#27. New Year with a New Database
Topics: Apache Airflow, benchmark, databases, data thoughts, GCP, Spanner, storage, testing
Databases in 2022: A Year in Review — Andy Pavlo @ OtterTune blog
Interesting review by Andy Pavlo about databases’ state by the end of 2022. Andy touched on database companies’ funding situation, blockchain, new database systems which getting popularity in 2022, and a few other topics.
Cost Efficiency @ Scale in Big Data File Format — Uber Engineering blog
If you need to choose compression type for parquet files in you data lake, this article is good starting point.

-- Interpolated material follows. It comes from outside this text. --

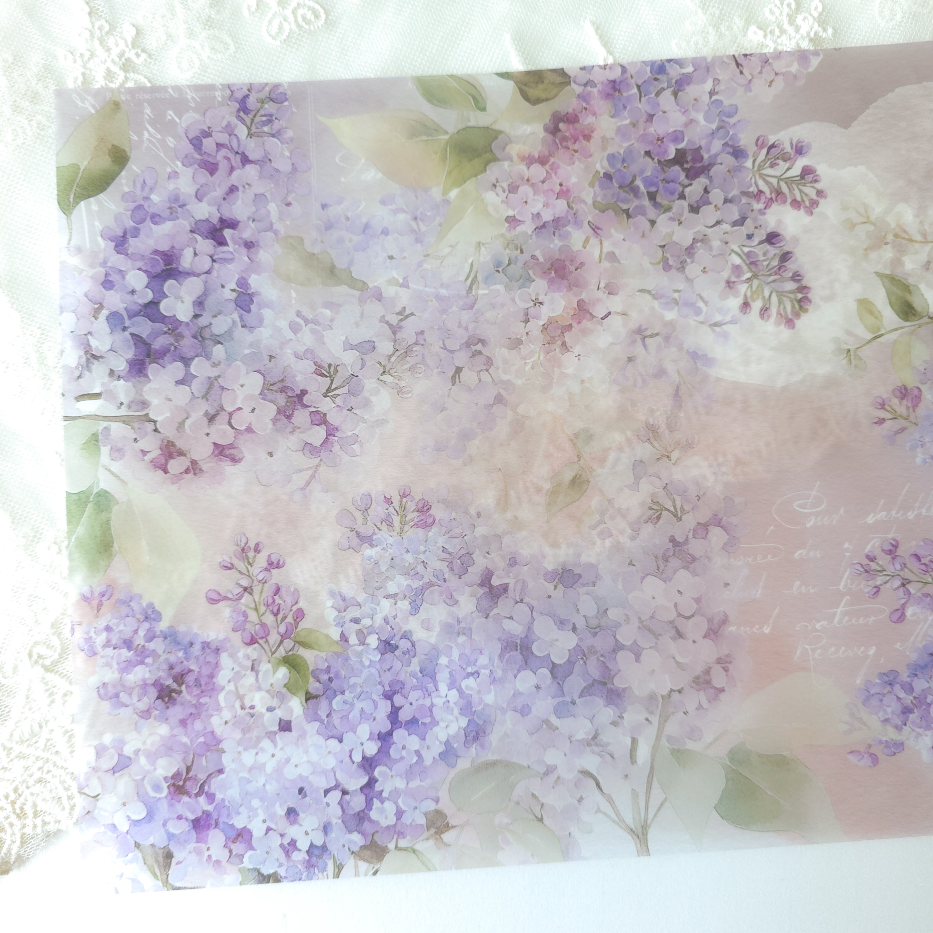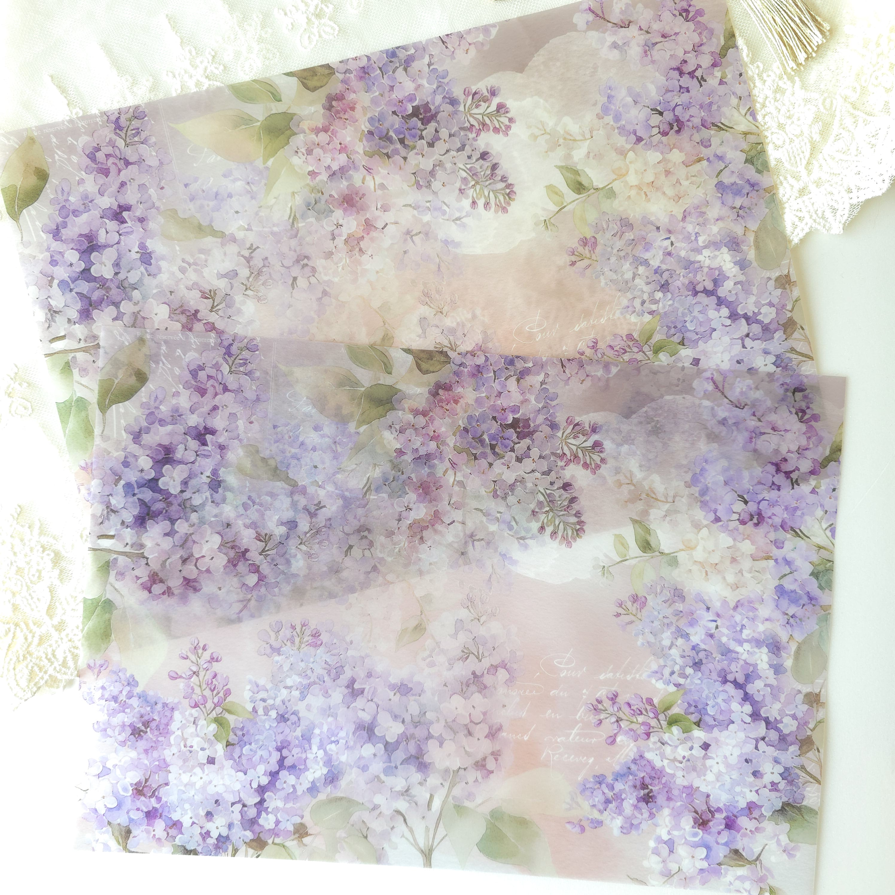 トレーシングペーパーの透明感にライラックがとても映えます。

A deep dive into Spanner’s query optimizer — Campbell Fraser, Vlad Lifliand @ Google Cloud Blog
A good introduction to how the query optimizer works on a simple example. In this article, you will find what types of optimizations are used in Spanner, what optimizer statistics are collected, and how to deal with different optimizer versions.
Micropipelines: A Microservice Approach for DAG Authoring in Apache Airflow — Vikram Koka @ Astronomer Blog
No more monolithic pipelines. Please put your hands together for micropipelines!
Learn to Efficiently Test ETL Pipelines — Jacqueline Bilston
This is an absolutely amazing presentation about data pipelines unit testing. Hadn’t seen any resource that was so specific about data pipeline testing so far.